Zur Sicherheit: Ich finde nicht, dass eine Erschöpfungsdepression etwas Ehrenrühriges wäre, im Gegenteil, meine aufrichtigen besten Wünsche gehen an jeden, der das hat oder mal hatte. Und es gibt natürlich durchaus ein paar Faktoren, die mich auch auf diese Schiene bringen könnten. Aber da das Buch darüber schon geschrieben ist, habe ich mich entschlossen, lieber deutlich vorher die Abzweigung zu nehmen, und darüber bin ich sehr happy. Ich kann so eine Pause nur jedem empfehlen, der in seinem Job viel um die Ohren hat.

Noch ein Wort zu Online vs.

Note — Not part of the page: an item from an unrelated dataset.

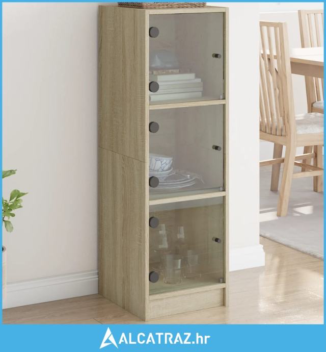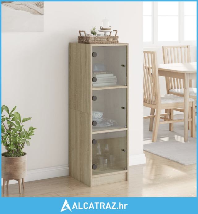 Visoka komoda sa staklenim vratima boja hrasta 35 x 37 x 109 cm - NOVO

Offline: Natürlich haben mir alle Mitarbeiter gesagt: Lass bloss alle Geräte zuhaus. Das habe ich nicht gemacht, sondern habe sie dabei, nutze aber Büro-Features wie E-Mail und Kalender sehr wenig. Ich lasse das iPhone bei allen Anwendungen im Zimmer und schaue meine Mails nur alle paar Stunden an. Am Wochenende habe ich mal locker zwei Stunden Newsletter abbestellt etc., was schon fast eine kontemplative Wirkung hat. Den Laptop nutze ich wie gesagt fast nur für Videos, das iPad hatte ich noch gar nicht in der Hand. Ich glaube, ich fände es stressiger, ganz abgeschnitten zu sein, als gelegentlich mal reinzuschauen, was läuft, und festzustellen, dass wenig läuft – und selbst wenn, dank Out-of-Office-Meldung erwartet niemand eine Antwort. Bisher bin ich jedenfalls mit «wenig online» ganz happy.

Am 28. Januar bin ich in neuer Frische wieder Büro. Und relaxen hin oder her, ich freue mich natürlich jetzt schon darauf.